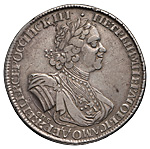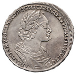 1 рубль 1723 года, без инициалов медальера. Лиц. ст.: портрет погрудный. Гурт: «РОССИСКОI ** РУБЛЬ* МОСКОВСКОГО*ДВАРА***». Серебро, 27,58 г. Сохранность очень хорошая, чистка. Severin# 586–602. Уздеников# 0610. Дьяков# 53, вар. ДьяковЗС# 1347 (R0). Биткин# 916. 3 рубля по Петрову.
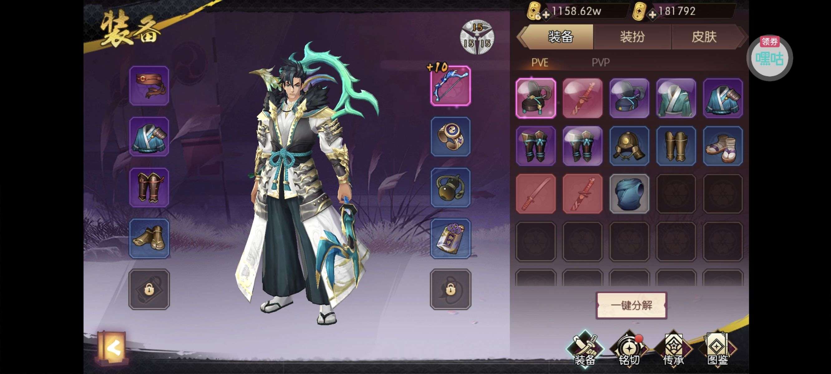 天草装备毕业,4件19装备,一件17,其余全部14。铭砌基本完美
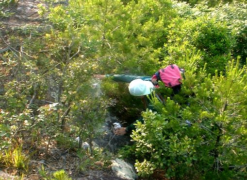 ザイルをつかったのは、最初の20mの岩のみ。ここも簡単に巻くことができるので、初心者でも経験者が同行すれば縦走は可能。ただし、数箇所足場が悪いところもあるので8ミリ程度の補助ロープがあったほうがよい。いずれにしろ、藪こぎとなるので縦走は冬場がよいだろう。
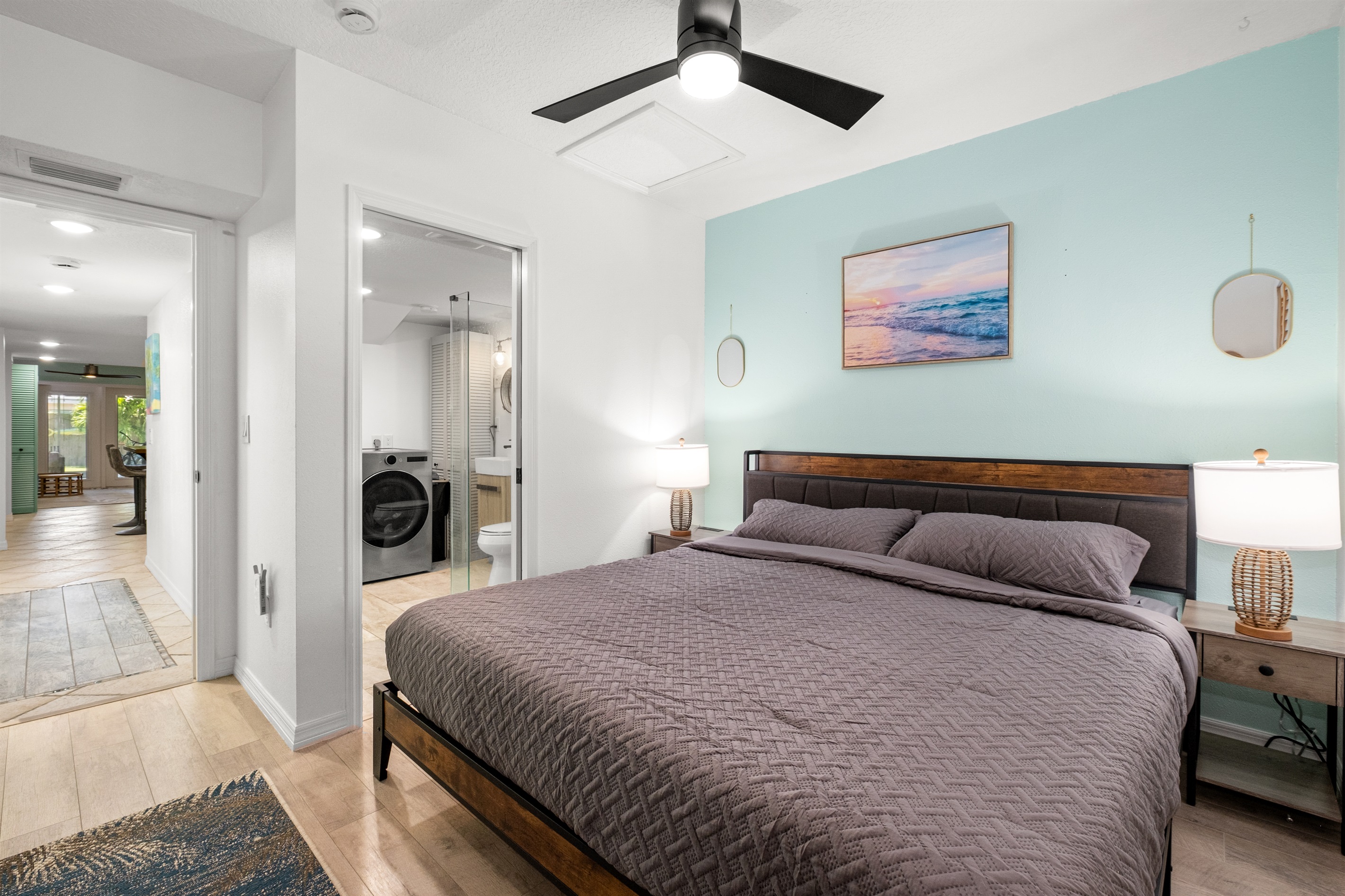 Drop your bags and live like a local. You're just a two-block stroll from the beach and minutes from the iconic Cocoa Beach Pier. Walk or bike to Port Canaveral’s best waterfront restaurants and bars. For an epic day trip, the Kennedy Space Center Visitor Complex is a short, easy drive away.
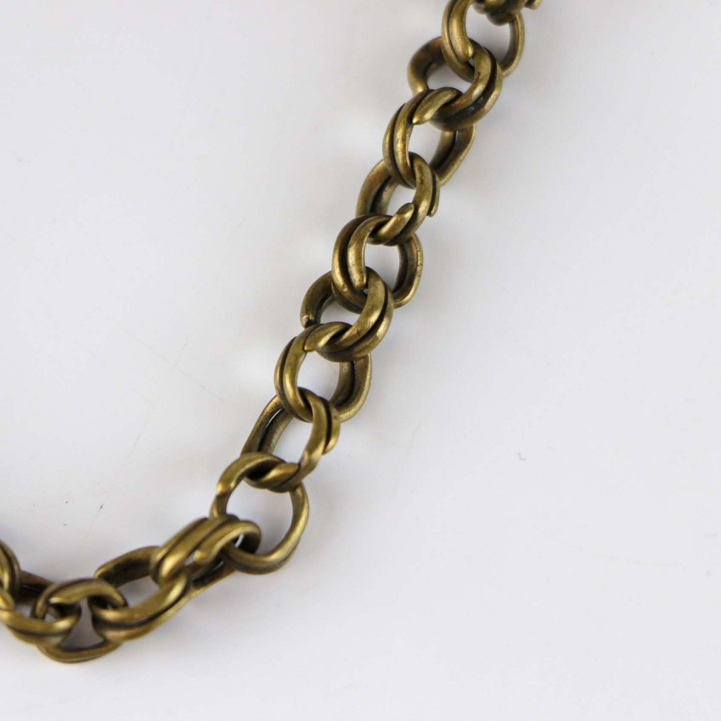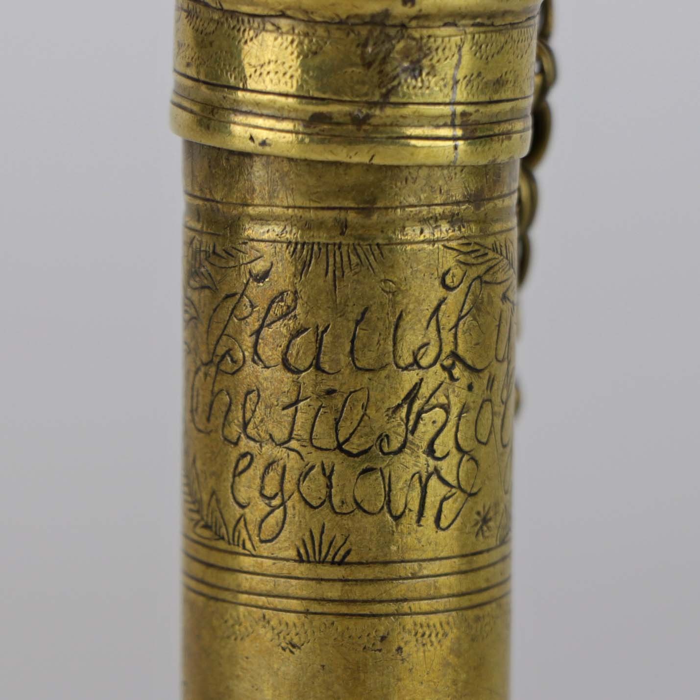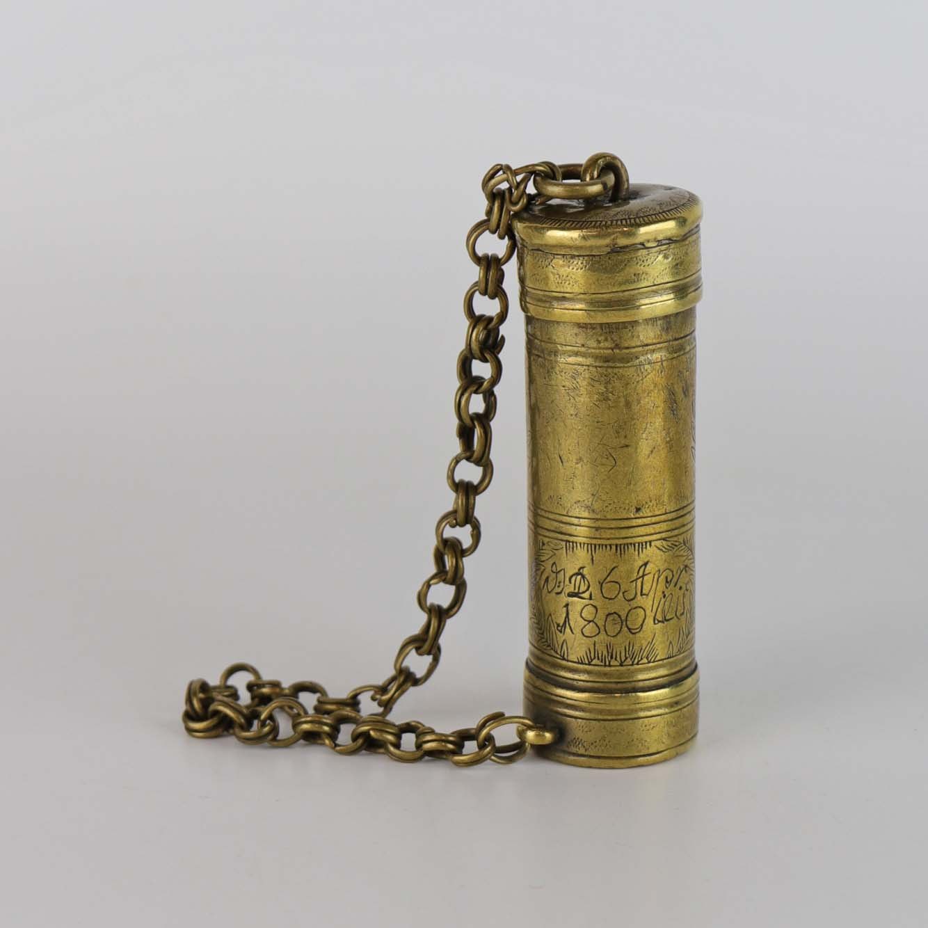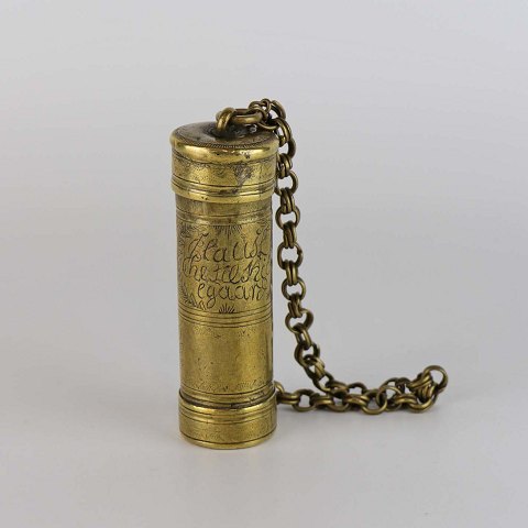 Antik tobakshylster i solid messing med kæde og tekst fra 1800-tallet
# # #
## WORK INSTRUCTIONS
Would you output the data exactly, without any of its images?

## WRITTEN SOLUTION
 1 рубль 1723 года, без инициалов медальера. Лиц. ст.: портрет погрудный. Гурт: «РОССИСКОI ** РУБЛЬ* МОСКОВСКОГО*ДВАРА***». Серебро, 27,58 г. Сохранность очень хорошая, чистка. Severin# 586–602. Уздеников# 0610. Дьяков# 53, вар. ДьяковЗС# 1347 (R0). Биткин# 916. 3 рубля по Петрову.
 天草装备毕业,4件19装备,一件17,其余全部14。铭砌基本完美
 ザイルをつかったのは、最初の20mの岩のみ。ここも簡単に巻くことができるので、初心者でも経験者が同行すれば縦走は可能。ただし、数箇所足場が悪いところもあるので8ミリ程度の補助ロープがあったほうがよい。いずれにしろ、藪こぎとなるので縦走は冬場がよいだろう。
 Drop your bags and live like a local. You're just a two-block stroll from the beach and minutes from the iconic Cocoa Beach Pier. Walk or bike to Port Canaveral’s best waterfront restaurants and bars. For an epic day trip, the Kennedy Space Center Visitor Complex is a short, easy drive away.
 Antik tobakshylster i solid messing med kæde og tekst fra 1800-tallet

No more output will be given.